_ABOUT THIS EXERCISE_.
Word for word, set down the lines from the one that contains "The Microtech Makora" through the final line of the data; no pictures belong in the copy.
+===+
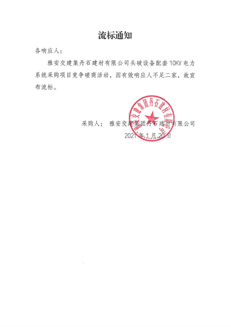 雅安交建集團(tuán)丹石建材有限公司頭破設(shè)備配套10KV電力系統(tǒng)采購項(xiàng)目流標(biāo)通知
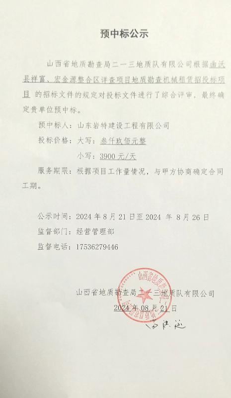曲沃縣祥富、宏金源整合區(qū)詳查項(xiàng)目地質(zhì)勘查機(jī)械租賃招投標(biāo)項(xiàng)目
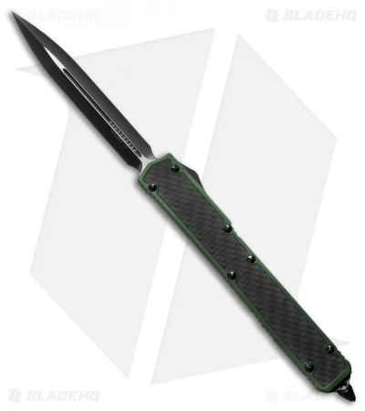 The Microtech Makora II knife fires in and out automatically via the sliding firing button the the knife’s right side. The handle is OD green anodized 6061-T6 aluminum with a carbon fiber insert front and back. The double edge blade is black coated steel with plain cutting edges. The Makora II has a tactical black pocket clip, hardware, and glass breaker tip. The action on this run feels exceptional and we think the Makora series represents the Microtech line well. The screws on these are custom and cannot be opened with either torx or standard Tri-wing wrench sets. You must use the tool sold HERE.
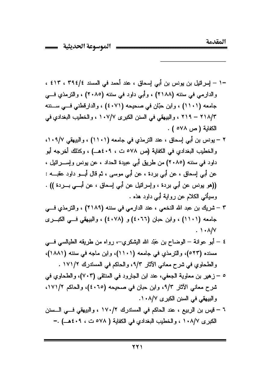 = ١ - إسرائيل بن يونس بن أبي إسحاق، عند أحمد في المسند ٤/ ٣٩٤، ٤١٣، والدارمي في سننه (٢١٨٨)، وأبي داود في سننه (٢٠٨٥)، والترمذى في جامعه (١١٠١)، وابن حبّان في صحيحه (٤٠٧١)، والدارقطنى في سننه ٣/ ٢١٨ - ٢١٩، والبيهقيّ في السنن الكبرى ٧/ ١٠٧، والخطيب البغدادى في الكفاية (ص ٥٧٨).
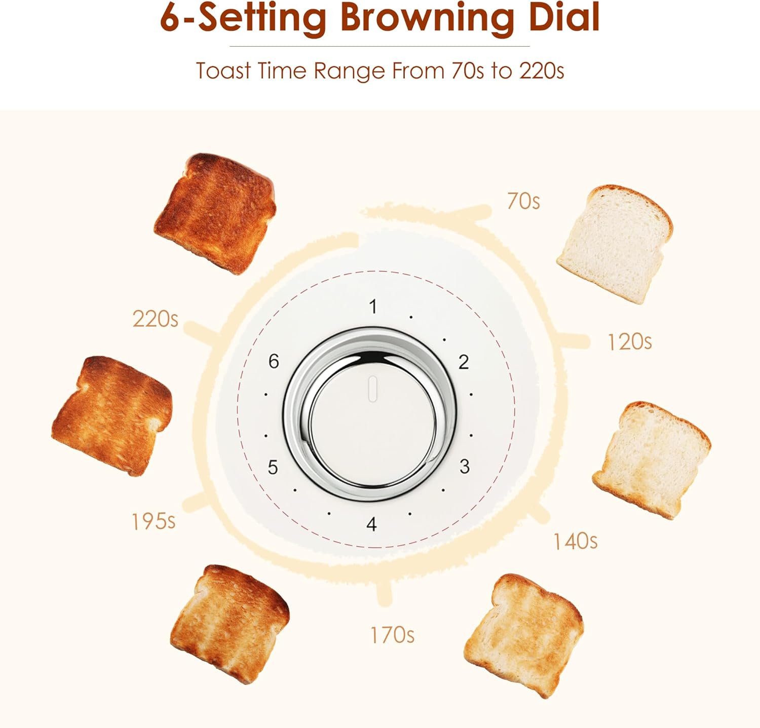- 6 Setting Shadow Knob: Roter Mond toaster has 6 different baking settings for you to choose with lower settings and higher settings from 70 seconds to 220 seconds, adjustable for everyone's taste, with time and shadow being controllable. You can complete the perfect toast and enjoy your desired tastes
+===+
_SOLVED PROBLEM_.
 The Microtech Makora II knife fires in and out automatically via the sliding firing button the the knife’s right side. The handle is OD green anodized 6061-T6 aluminum with a carbon fiber insert front and back. The double edge blade is black coated steel with plain cutting edges. The Makora II has a tactical black pocket clip, hardware, and glass breaker tip. The action on this run feels exceptional and we think the Makora series represents the Microtech line well. The screws on these are custom and cannot be opened with either torx or standard Tri-wing wrench sets. You must use the tool sold HERE.
 = ١ - إسرائيل بن يونس بن أبي إسحاق، عند أحمد في المسند ٤/ ٣٩٤، ٤١٣، والدارمي في سننه (٢١٨٨)، وأبي داود في سننه (٢٠٨٥)، والترمذى في جامعه (١١٠١)، وابن حبّان في صحيحه (٤٠٧١)، والدارقطنى في سننه ٣/ ٢١٨ - ٢١٩، والبيهقيّ في السنن الكبرى ٧/ ١٠٧، والخطيب البغدادى في الكفاية (ص ٥٧٨).
- 6 Setting Shadow Knob: Roter Mond toaster has 6 different baking settings for you to choose with lower settings and higher settings from 70 seconds to 220 seconds, adjustable for everyone's taste, with time and shadow being controllable. You can complete the perfect toast and enjoy your desired tastes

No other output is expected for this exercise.